# New Quay (wales) Reptile World?



## holo255 (Oct 21, 2006)

Hey guys!

My mum came home today from taking my sister from horse riding and told me about an advertisement she saw about New Quay Reptile World. Does anyone know anything about this place? Is it a shop or attraction? If it's a shop do you know what it's stock is like etc?

Cheers all : victory:
Craig


----------



## Rhian Tudball (Feb 25, 2011)

*New Quay Reptile World*

It is c**p, been their with my son and it costs loads to get in and not much there. 

My advice dont wast your money.


----------



## sophiep (Jul 29, 2009)

Hi if you are down West Wales pop down to The Dragon Reptiles Experience in Pembroke its ace they have crocs, rattlers giant pythons, giant monitors, haunted house with spiders, scorpions etc and you get to handle tonnes of beasties..


----------



## Rhian Tudball (Feb 25, 2011)

Been there, its reallly cool.

And the staff there are really helpfull and full of exotic animal knowledge.

Great place.


----------



## sophiep (Jul 29, 2009)

Rhian Tudball said:


> Been there, its reallly cool.
> 
> And the staff there are really helpfull and full of exotic animal knowledge.
> 
> Great place.


Wicked stuff glad you enjoyed it..:2thumb:


----------



## Newquay reptile world (Apr 5, 2011)

*Hi craig*

HI CRAIG 
I AM THE OPERATOR OF NEW QUAY REPTILE WORLD. WE ARE INDEED A REPTILE BASED ATTRACTION/ZOO IN THE TOURIST TOWN OF NEW QUAY(SA45 9PS).WE CATER FOR THE TOURIST TRADE AND LOCAL SCHOOLS DOING NATURAL HISTORY PROJECTS.WE ARE VERY REASONABLY PRICED(£2.95 ADULTS & £1.95 UNDER 17) WE DO NOT SELL REPTILES TO THE PUBLIC AND ACTUALLY SPEND ALOT OF OUR TIME ENCOURAGING PEOPLE TO LEARN MORE ABOUT REPTILES BEFORE BUYING.
WHEN YOU ARE IN THE AREA NEXT, WHY NOT PAY US A VISIT.

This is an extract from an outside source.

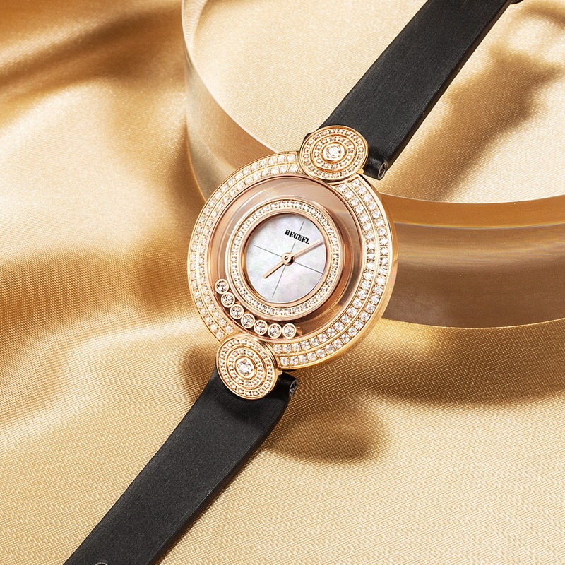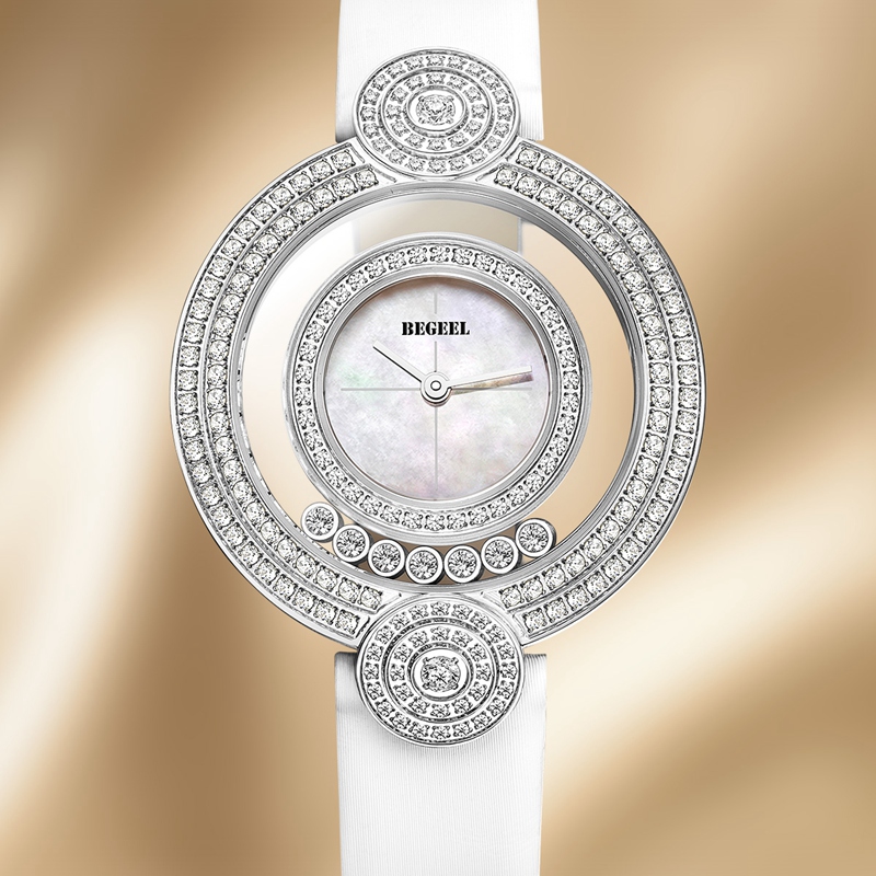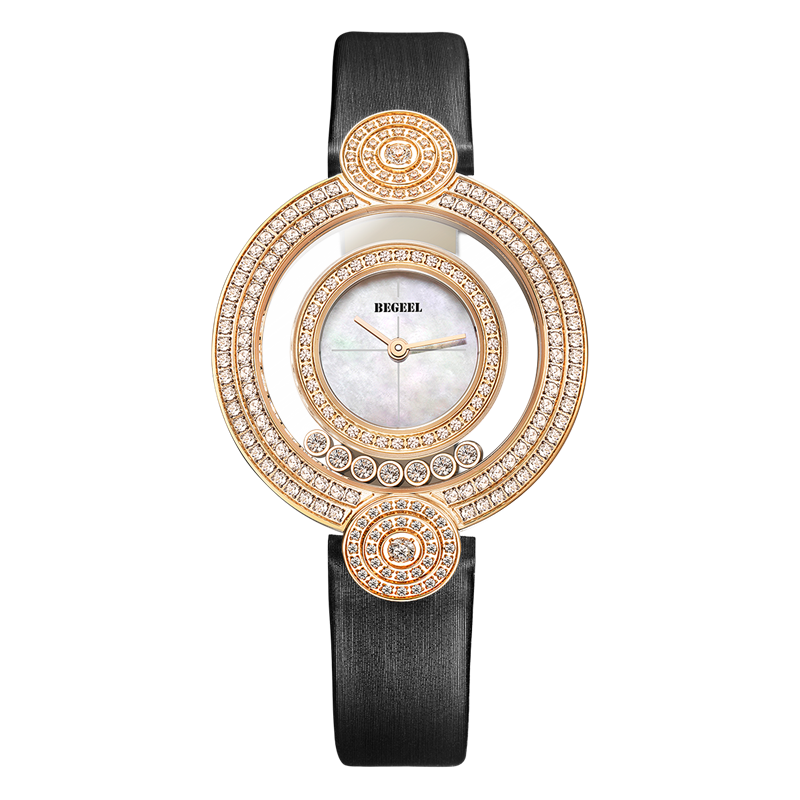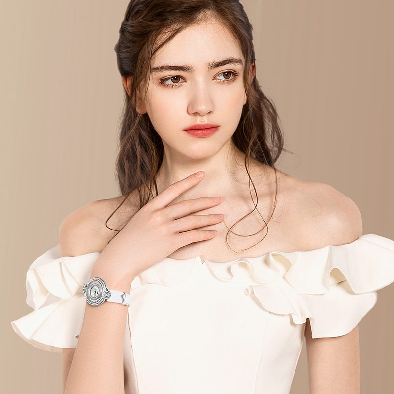 以簡約的線條展示清麗典雅的設計風格,象征繆斯女神的自信與光芒。表盤采用了特有的“鏤空”設計,較小的同心圓為珍珠母貝質地,呈圓滿的球型。兩個同心圓環皆為拋光打造。 兩個圓環之間、藍寶石水晶鏡面的無形護佑下,七顆靈動水晶鉆如懸空漂浮一般,在流光溢彩的閃爍光華中無盡地回旋、轉動。表殼的頂端與底端各綴有一粒單顆水晶鉆,使表殼到豐盈的黑、白色表帶之間的過渡呈現出簡潔、雋永的顯著風格。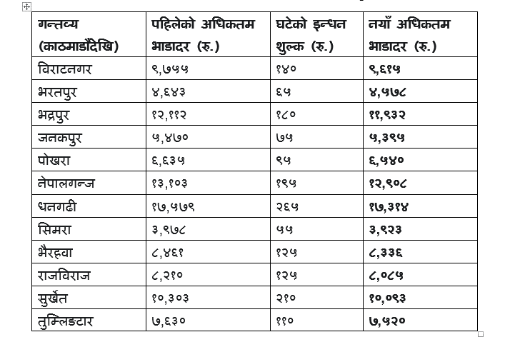 नयाँ भाडा दरअनुसार काठमाडौँ–धनगढी रुटमा सबैभन्दा धेरै २६५ रुपैयाँले भाडा घटेको छ भने काठमाडौँ–सिमरा रुटमा सबैभन्दा कम ५५ रुपैयाँले घटेको छ। यस्तै, माउन्टेन फ्लाइटमा २१० रुपैयाँ, काठमाडौँ–लुक्ला ८० रुपैयाँ, काठमाडौँ–जोमसोम १२० रुपैयाँ, काठमाडौँ–फाप्लु ७० रुपैयाँ, काठमाडौँ–जुम्ला १९० रुपैयाँ र नेपालगन्ज–सिमिकोटमा १२० रुपैयाँ फ्युल सरचार्ज समायोजन गरिएको छ।

HERE ARE SOME PICS OF OUR PLACE!

REGARDS
H









_asian water dragons (hence the cambodian theme) & frilled lizards( i think its our male on the tree)_
_& carpet python cave next door!_










_some enclosures_











tree frog land 










beautiful sheeba in the aboriginal cave










_my fav! although dont think he would say the same for me!_
_lol_










info! the most important thing 










a big girl to greet you through the door! 









_giant beach board with our very reasonable price structure._
_family of 4 under a tenner cant be bad._









_MR FRILL ON HIS TERMITE MOUND!_

_GIFTSHOP AND ENTRANCE_


----------



## ImAly (Jul 26, 2008)

Rhian Tudball said:


> It is c**p, been their with my son and it costs loads to get in and not much there.
> 
> My advice dont wast your money.





Rhian Tudball said:


> Been there, its reallly cool.
> 
> And the staff there are really helpfull and full of exotic animal knowledge.
> 
> Great place.


:lol2: wut?


----------